◆ **ABOUT THIS EXERCISE**: Without including any images, output the listing below exactly.

◆ **COLLECTED DATA**:
::::::::::

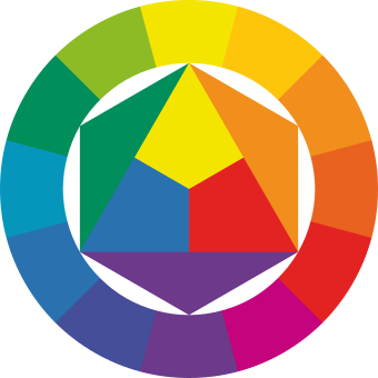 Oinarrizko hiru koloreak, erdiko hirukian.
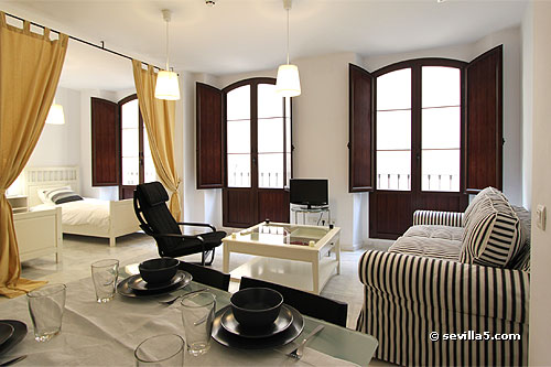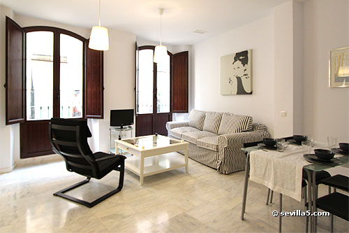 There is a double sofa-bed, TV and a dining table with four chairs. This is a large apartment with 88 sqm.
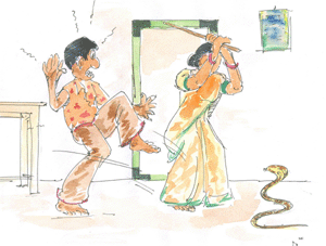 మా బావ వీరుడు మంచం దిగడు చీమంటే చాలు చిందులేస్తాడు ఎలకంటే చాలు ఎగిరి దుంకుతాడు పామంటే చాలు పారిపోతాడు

::::::::::

◆ **WORKED SOLUTION**:
 Oinarrizko hiru koloreak, erdiko hirukian.
 There is a double sofa-bed, TV and a dining table with four chairs. This is a large apartment with 88 sqm.
 మా బావ వీరుడు మంచం దిగడు చీమంటే చాలు చిందులేస్తాడు ఎలకంటే చాలు ఎగిరి దుంకుతాడు పామంటే చాలు పారిపోతాడు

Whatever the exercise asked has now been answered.